Given data >>
---+---

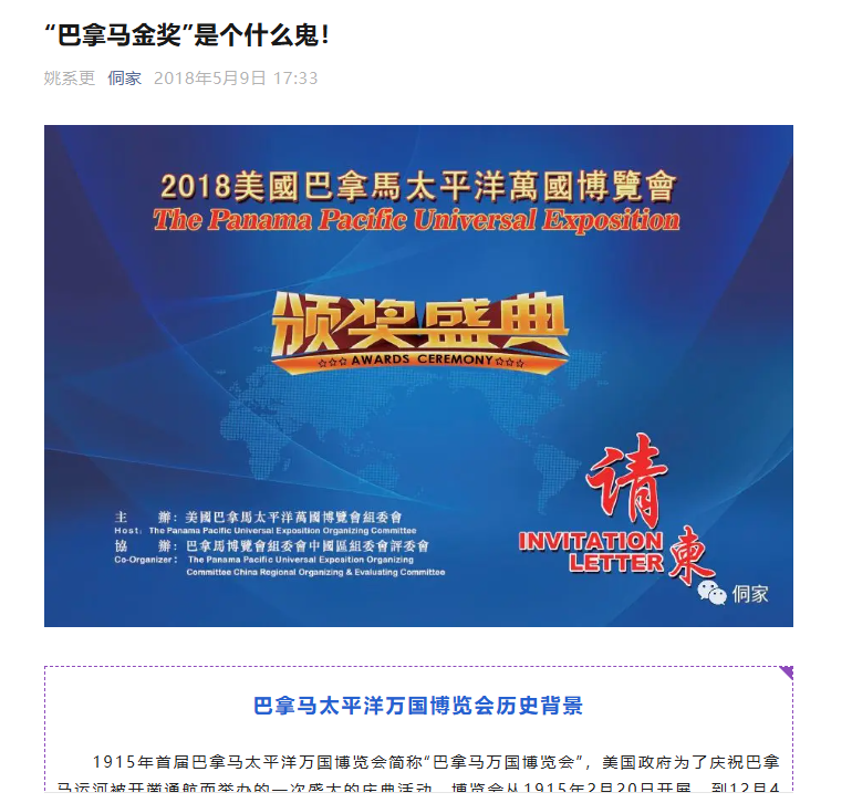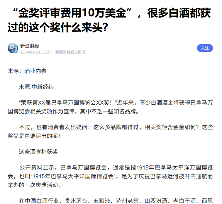 报告显示,2023至2026年间虚假宣传类违法已占白酒行政处罚的80%以上,罚款总额累计破亿元。其中最具代表性的便是被明码标价的“国际金奖”收割链。以美国巴拿马万国(国际)博览会组委会北京代表处为代表的机构,因虚构与1915年博览会的历史承袭关系,被监管部门定性为引人误解的虚假宣传。这类机构将金奖标价30至50万不等,无需寄酒评审,给钱即可发证。
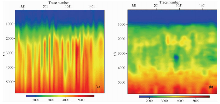 图 2 时间域RMS速度剖面(a)和时间域层速度剖面(b) Fig. 2 RMS velocity profile in time domain (a) and interval velocity profile in time domain (b) |
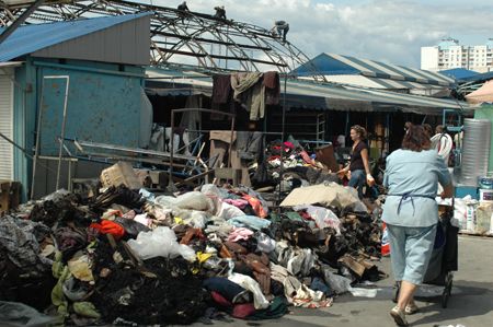 Вчера, 9 августа, с самого утра люди выгребали из контейнеров сгоревший товар: магнитофоны, магнитолы, инструменты, потрескавшиеся от высокой температуры унитазы и умывальники, кучи с остатками одежды, в которых рылись цыгане – им разрешили забирать хоть немного уцелевшие лохмотья.

---+---

What is needed >>
Each line from the first line of the data above through the one containing "图 2 时间域RMS速度剖面(a)和时间域层速度剖面(b)" must be set down exactly; the pictures must not be.

Solution for this task >>
 报告显示,2023至2026年间虚假宣传类违法已占白酒行政处罚的80%以上,罚款总额累计破亿元。其中最具代表性的便是被明码标价的“国际金奖”收割链。以美国巴拿马万国(国际)博览会组委会北京代表处为代表的机构,因虚构与1915年博览会的历史承袭关系,被监管部门定性为引人误解的虚假宣传。这类机构将金奖标价30至50万不等,无需寄酒评审,给钱即可发证。
 图 2 时间域RMS速度剖面(a)和时间域层速度剖面(b) Fig. 2 RMS velocity profile in time domain (a) and interval velocity profile in time domain (b) |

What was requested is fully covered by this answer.